Evernote, the very popular note taking application that works on almost anything with a chip and a screen, recently shared some stats. Shortly after they started up, about 1% of their free users converted to paying customers.

If we take a mirco-priced product at $1.00 and 1% of our hypothetical base makes the purchase, then you end up with this:

(20,000 * 1%) * $1.00 = $200.00

Compare that revenue to what they get in membership dues:

20,000 * $399.00 = $7,980,000.00

The organization will literally waste more in jammed paper in their printers than they would make on this single micro-priced product. This is before taking into account the costs of producing the product and implementing micro payments, online access, etc.

Hell, having a single staff meeting to discuss this product already puts it in the hole!

This association would need a base market of about 2,000,000 people to make the revenue even slightly interesting with these assumptions. They still need a lot more people in that market even if you bump up the price and the conversion rate.

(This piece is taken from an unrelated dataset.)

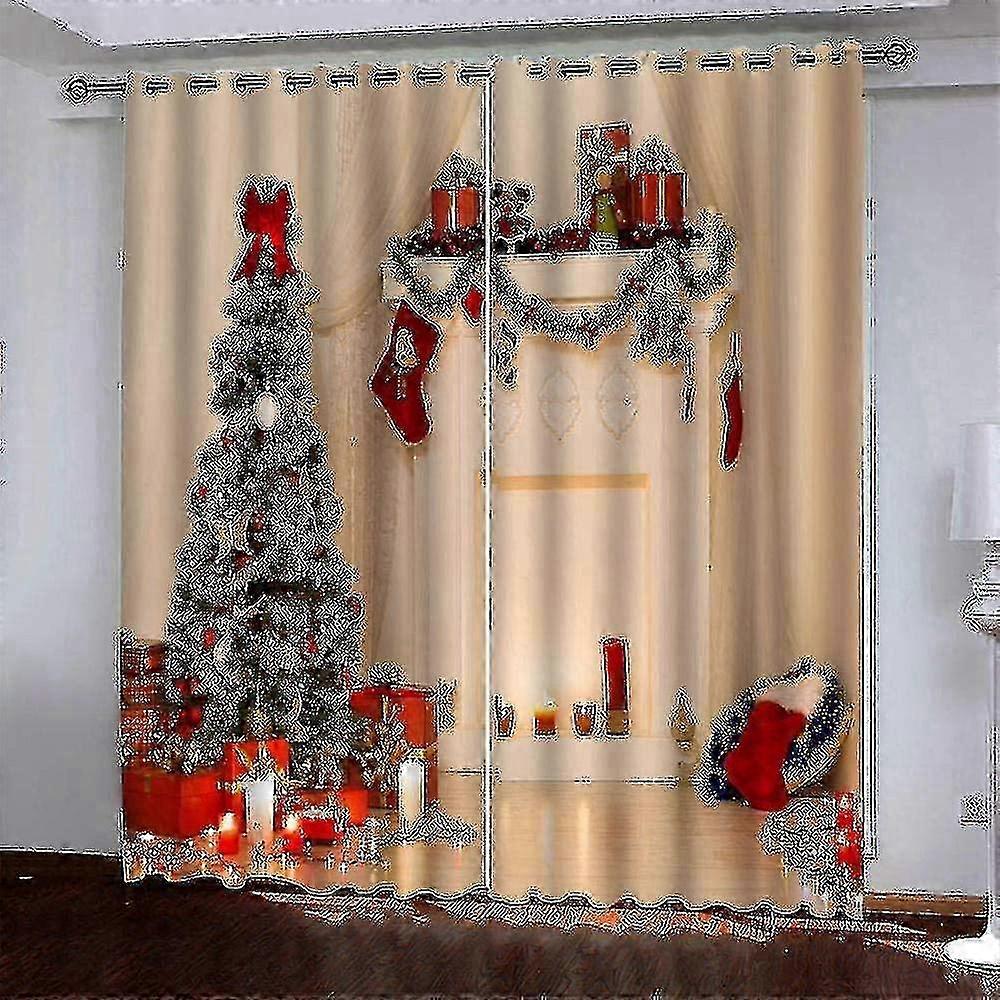 3d Polyester Fiber Printing Curtains, Christmas Tree Pattern, Shading And Noise Reduction, Living Room Decoration

Other issues with micro payments include:

  • They must be frictionless to complete (think texting to donate to the Red Cross for Haiti, for example).
  • Products with micro prices are often perceived as low value by your prospective buyers.
  • You’ll often need a wide array of micro-priced products rather than just one to have the level of sales you need to create significant revenue.
  • Repackaging content from other sources into micro-priced chunks often requires selling it to an entirely different, and larger, market.

The only exceptions I might make for developing micro payments if you don’t have a large enough market include:

  • It serves a political or policy need that provides enough value beyond cash revenue;
  • People who purchase the micro-priced product are great candidates for macro priced products that you then sell to them (classic loss leader transactions).

I’m sure someone somewhere in the association world has done a successful micro payment model. (Let me know about it in the comments if you have!) But every leader and product manager must go into the decision making process with a realistic understanding of the numbers involved before committing resources to implement this model.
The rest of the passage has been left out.